There are several limitations to our work. First, the ultimate impact of information bias on study estimates is research question and context specific. Therefore, future investigations on how EHR-discontinuity influences relative risks in a wide range of research questions are needed. Second, we used mean standardized differences less than 0.1 as a reference point to better understand the magnitude of misclassification for selected variables. This cut-off was suggested in the context of assessing covariate balance to achieve adequate confounding adjustment. As tolerance of misclassification may differ by research contexts, the minimum capture rate needed may also depend on research purposes. We additionally provided data on sensitivity of EHRs capturing relevant codes or medication records when compared to the gold standard as a more generic reference tool. Next, we have only EHR data from two metropolitan provider networks, and it is not clear if these findings are applicable to other EHR systems. While the two EHR networks had different mean EHR capture rates, the amount of misclassification of key variables turned out to be very similar within the same levels of the EHR completeness in the two EHR systems. These findings suggest that the proportion of those with high EHR-continuity may vary by EHR systems, but once restricted to the EHR continuity cohort, the misclassification would be reduced in a similar fashion. Moreover, our study cohort consisted of only those aged 65 and older. The older adults are the most critical population to investigate the impact of EHR-continuity on study validity using EHRs because they often need more complex care which may not be fulfilled in one system due to resource limitations. Nonetheless, it is important to note that our findings may not be applicable to the younger populations as their medical seeking behaviors and general health state are quite different. Lastly, limiting to patients with high EHR-continuity will inevitably reduce study sizes and statistical power.
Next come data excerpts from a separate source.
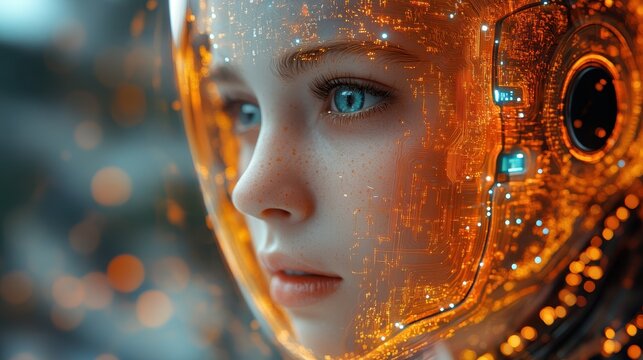 A compelling visual exploring the intricate connection between human identity and advanced artificial intelligence, symbolizing technological progress and humanity's future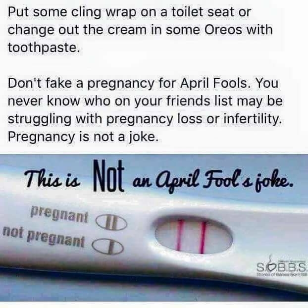 I have a friend whose husband posts a fake pregnancy announcement almost every April 1. Last year I was really tempted to say something, but I decided to let it go.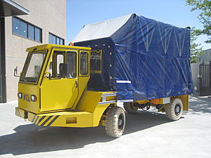 Esta empresa también suministra un carretón autopropulsado eléctrico de 30 toneladas para el manejo de bobinas. Está equipado con toldo corredizo para tener cubiertas las bobinas de acero. Es un vehículo ligero, sin ruido ni contaminación, equipado de moderna cabina y con ruedas que no dejan huella para no estropear el suelo de la fábrica.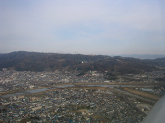 山のふもとに八尾空港がありますが、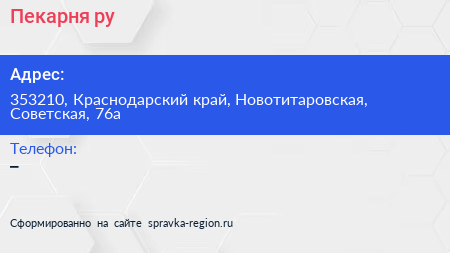 Пекарня.ру по адресу 353210, Краснодарский край, Новотитаровская, Советская, 76а в дальнейшем Организация, размещена в следующих категориях:

In summary, our findings support the strategy to restrict comparative effectiveness research to patients with high EHR-continuity, as the risk of losing generalizability is relatively small in comparison to the benefit of substantial misclassification reduction. These results are relevant for the majority of healthcare systems in the US that are not integrated with a payor/insurer and where EHR-discontinuity in the EHR system is likely.